ELBULLI. DA RISTORANTE A MUSEO
Cristallizzato nel mito cresciuto a seguito della chiusura volontaria da parte del cuoco e del suo socio Juli Soler, negli ultimi dieci anni elBulli è stato oggetto di un ambizioso progetto volto a rilanciarlo in una nuova veste, sotto l’ala protettrice della Fondazione omonima, sorta nel frattempo per raccogliere l’eredità di quell’esperienza all’avanguardia. Prima le questioni burocratiche legate ai vincoli ambientali cui è sottoposta Cala Montjoi in quanto parte del parco protetto di Cabo de Creus, poi diversi aggiustamenti progettuali in corsa e l’esplodere della pandemia hanno ritardato la messa in opera del progetto ElBulli 1846 (l’anno di nascita del cuoco francese Auguste Escoffier), pensato come centro creativo finalizzato alla divulgazione, alla sperimentazione e all’archiviazione. Ma ora è certa la data di inaugurazione, il 15 giugno 2023, anticipata dalla possibilità di acquistare online i biglietti per visitare lo spazio (27.50 euro a persona, comprese audioguida e navetta Bullibus da Rosas al museo).

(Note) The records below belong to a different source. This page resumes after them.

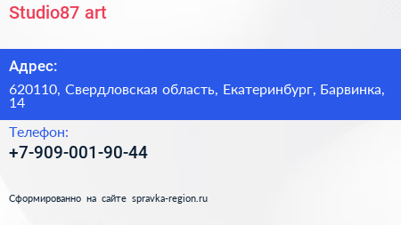 Studio87.art по адресу 620110, Свердловская область, Екатеринбург, Барвинка, 14 в дальнейшем Организация, размещена в следующих категориях: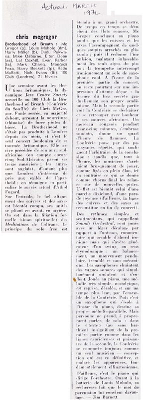 - Photocopied article from the magazine Actual about a concert by CHris McGregor's Brotherhood of Breath at the 100 Club in London, UK, organised by the Jazz Centre Society, one week before the British elections.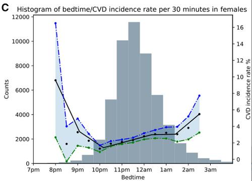 以晚10-11点睡觉作为基线,晚11-12点睡觉患心血管疾病的风险会增加12%,10点前睡觉风险增加24%,晚12点及更迟睡觉风险会增加25%。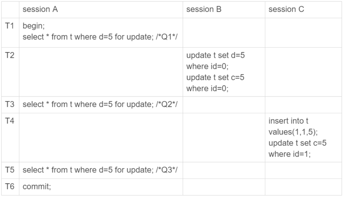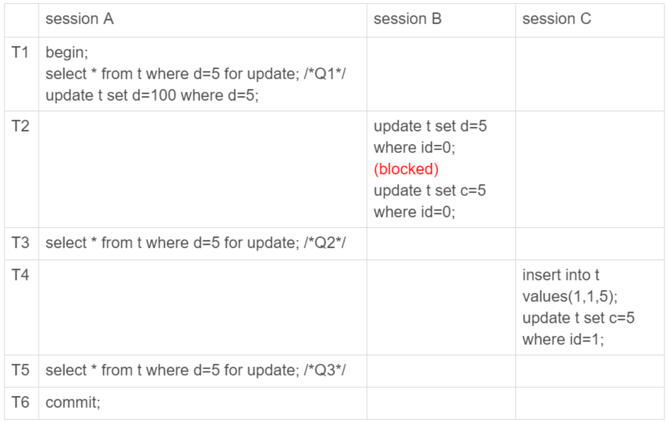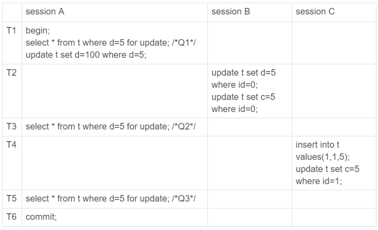 首先是语义上的问题。session A在T1时刻的语句实际上想要声明,要把所有d=5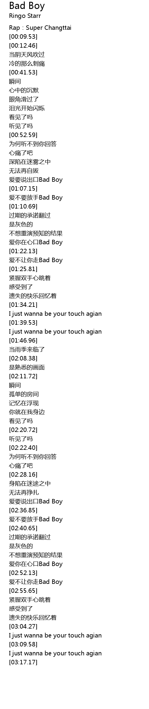 | [02:52.89] | 爱不让你走Bad Boy |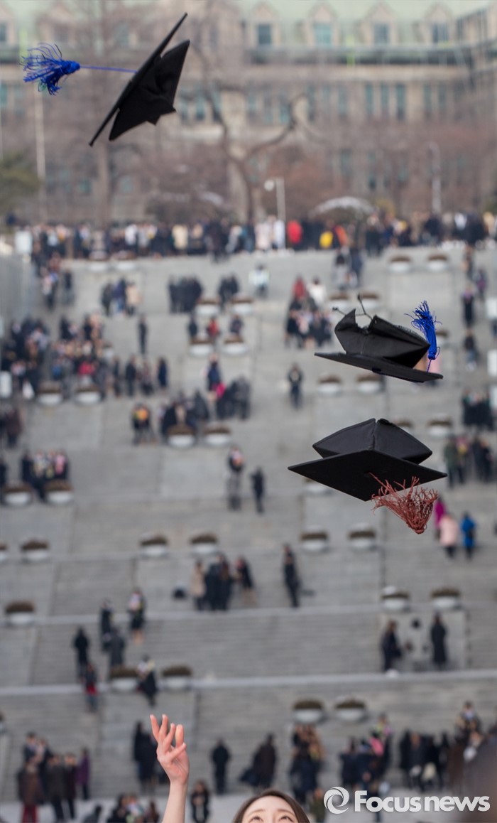 (서울=포커스뉴스) 29일 오후 서울 서대문구 이화여자대학교에서 열린 2015학년도 전기 학위수여식에 참석한 졸업생들이 학사모를 던지고 있다.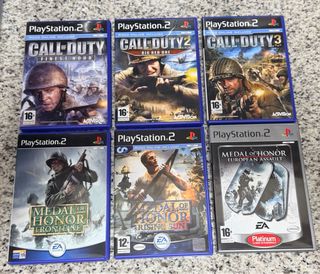 Lote de videojuegos para PlayStation 2, PlayStation 3 y PlayStation 4. Lotes a negociar PS4 - Call of Duty: WWII 15 euros - Call of Duty: Vanguard 15 euros - Lego: Vengadores 7 euros - Need for Speed, Hot Pursuit. 15 euros PS3 - Battlefield 3: Limited Edition 10 euros - Call of duty: world at war 15 euros PS2 - Call of Duty: Finest Hour 10 euros - Call of Duty 2: Big Red One 10 euros - Call of Duty 3 8 euros -Medal of Honor frontline 10 euros -Medal of Honor rising sun 10 -Medal of Honor european assault 10 euros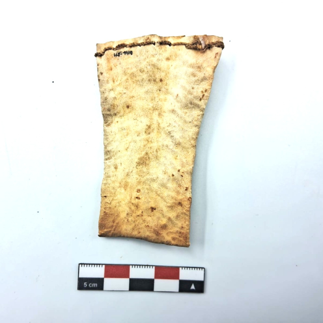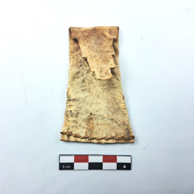 Contenedor confeccionado en cuero, de forma rectangular alargada, elaborado a partir de una sola pieza principal plegada y cosida longitudinalmente. Presenta costura visible en uno de sus extremos, realizada mediante puntadas simples. Tiene una tapa con diseño escalerado.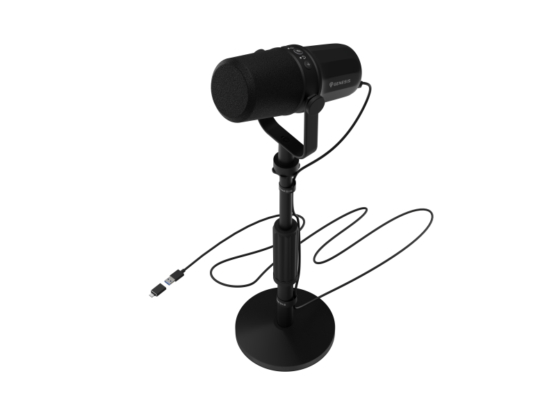 Microfon Genesis Radium 750D cu conectare USB și XLR, ideal pentru streaming și înregistrări profesionale. Comandă acum de la Genesis!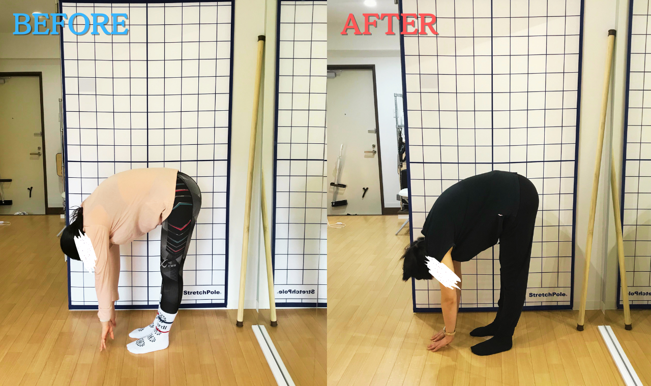 ブログ マシンピラティスで前屈姿勢サポート 写真を見比べると、前屈したときの背中から脚にかけてのラインが変わっているのが分かります! こちらはマシンピラティスのセッション前後を撮影した一例です。 &nbs… 2026年4月1日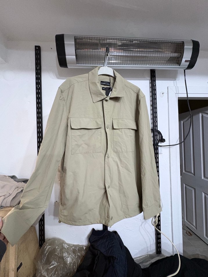 Bej renkte, düğmeli ve normal boyda erkek ceketi. Uzun kollu, regular fit ve yaka tipi kesik yakadır. Günlük rahat kullanım için uygundur.

ELBULLI 1846. LO SPAZIO ESPOSITIVO
Ai visitatori dell’ex ristorante, lo spazio si presenterà ampliato a estendersi su 4mila metri quadri, di cui 2.500 all’aperto con diverse installazioni, allestiti con criterio museale: un investimento di 11 milioni di euro. Centinaia di “pezzi”, tra oggetti e documenti, aiuteranno a chiarire come e perché fu possibile l’esperienza elBulli, e perché cambiò il volto della gastronomia internazionale. Nuovamente, Ferran Adrià sarà alle prese con una strada mai battuta prima, “il primo ristorante del mondo trasformato in museo”, proprio per raccontare la storia che è stata fatta al suo interno. E per non confondere le idee, il museo elBulli 1846 non sarà dotato di caffetteria, né – tantomeno – di un ristorante (ci sarà invece il bookshop, con gadget e volumi della Bullipedia). Inizialmente la struttura sarà aperta solo nei mesi estivi, fino al 16 settembre. Lungo il percorso, indirizzati dall’audioguida, si incontreranno 69 installazioni “artistiche, concettuali e multimediali”, realizzate con l’intenzione di invitare il pubblico a pensare e porsi domande su cos’è l’innovazione, non solo in cucina. Tra le “opere” esposte, anche un centinaio di disegni realizzati da Ferran Adrià nel 2012, dopo la chiusura del ristorante, venduti nel 2022 come NFT; ma anche alcuni manichini che omaggiano la compagine dei “bullinianos” e figure di rilievo della ristorazione globale, da René Redzepi a Massimo Bottura. Nell’edificio storico, completamente ripensato, sono raccolti oggetti, foto e ricordi della vita del ristorante: c’è spazio per i numeri che hanno fatto grande l’impresa, ma anche per l’evocazione della mise en place del tempo. Mentre nella vecchia cucina, dove troneggia la testa di toro che diede il nome all’attività, si incontreranno le riproduzioni dei piatti storici di elBulli, realizzati con la tecnica giapponese del sumpuru. Proseguendo nei nuovi spazi i visitatori avranno modo, tra l’altro, di sbirciare nei quaderni creativi di Adrià e brigata.